Below are some records; quote exactly the lines from the one that contains "Podczas spotkania, za" through the one that contains "Demi ist Kuyichi’s", inclusive, and no others.

MATERIAL FOR THIS TASK:
┌──

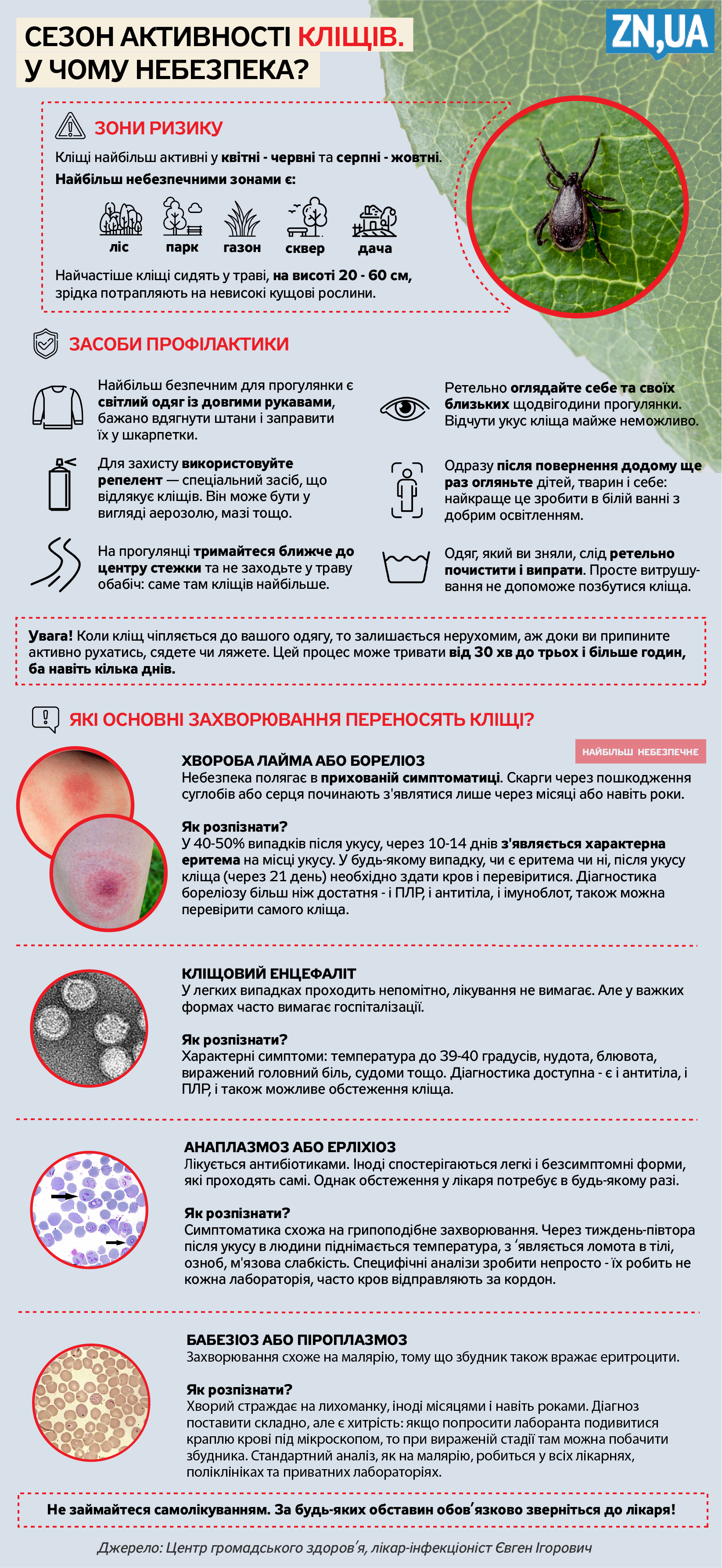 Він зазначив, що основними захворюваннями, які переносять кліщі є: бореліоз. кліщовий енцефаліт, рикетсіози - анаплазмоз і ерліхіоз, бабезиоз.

└──
┌──

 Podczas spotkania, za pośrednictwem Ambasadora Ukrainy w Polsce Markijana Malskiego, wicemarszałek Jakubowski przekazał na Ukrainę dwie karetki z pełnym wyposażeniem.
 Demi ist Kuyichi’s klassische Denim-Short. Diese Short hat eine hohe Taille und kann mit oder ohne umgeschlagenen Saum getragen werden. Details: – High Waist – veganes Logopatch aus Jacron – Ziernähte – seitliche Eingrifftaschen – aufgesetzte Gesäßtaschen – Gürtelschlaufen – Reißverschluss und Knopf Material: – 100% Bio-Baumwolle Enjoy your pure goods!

└──

OUTPUT:
 Podczas spotkania, za pośrednictwem Ambasadora Ukrainy w Polsce Markijana Malskiego, wicemarszałek Jakubowski przekazał na Ukrainę dwie karetki z pełnym wyposażeniem.
 Demi ist Kuyichi’s klassische Denim-Short. Diese Short hat eine hohe Taille und kann mit oder ohne umgeschlagenen Saum getragen werden. Details: – High Waist – veganes Logopatch aus Jacron – Ziernähte – seitliche Eingrifftaschen – aufgesetzte Gesäßtaschen – Gürtelschlaufen – Reißverschluss und Knopf Material: – 100% Bio-Baumwolle Enjoy your pure goods!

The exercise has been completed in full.